One of the country's most prominent architects says a massive Toronto casino does not make sense from a real-estate perspective and would have crushing social impacts.

Jack Diamond, principal with Diamond and Schmitt Architects, met with The Globe and Mail's editorial board Wednesday. Mr. Diamond, whose work includes Toronto's Four Seasons Centre for the Performing Arts and the Israeli Foreign Ministry, told the board he is vehemently opposed to a large gaming complex in the city.

"The Exhibition grounds belong to the city of Toronto and the public," he said, referring to one of the potential casino sites. "The fact that we're not using it well is the excuse, currently. But once it's gone, it's gone. That is a public good that we should retain."

Mr. Diamond was joined Wednesday by Maureen Lynett, co-founder of No Casino Toronto, and Sandy Garossino, co-founder of Vancouver Not Vegas, which in 2011 led the charge against a $500-million casino in downtown Vancouver.

Mr. Diamond, who is a member of the Order of Ontario and an Officer of the Order of Canada, said people who are problem gamblers tend to be at the bottom of the income scale. The money they would use on food, rent and clothes is instead handed over to casinos.

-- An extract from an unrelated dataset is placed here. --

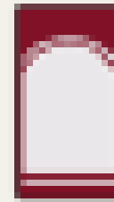
Článek v TRÁCHU

He said he is not opposed to the existing casino at Woodbine, but is against a new Toronto gaming facility because of its accessibility. "If you make high accessibility [gaming] in a central urban area, the impact of the casino will be far greater than having it at Woodbine," he said.

The casino issue will go before Mayor Rob Ford's executive committee later this month, with a full council vote expected in April. The mayor has expressed his support for the casino, arguing it will bring in millions in revenue and thousands of jobs.

Mr. Diamond questioned the revenue projections, which have ranged anywhere from $18-million to $106-million to $168-million.

The Port Lands site is also being considered for a casino and Mr. Diamond said that, too, would be a mistake. "I see that as an extraordinary future for this city. I mean, it's a Venice on our city core boundary," he said, referring to the area's canals and its proposed redevelopment as a mixed-use residential site and parkland on the waterfront.

Ms. Lynett said No Casino Toronto has come a long way since she co-founded the group in June. The group has said a casino would increase crime and traffic gridlock. Ms. Lynett said the casino opposition is growing stronger and people no longer say to her, "Who are you?"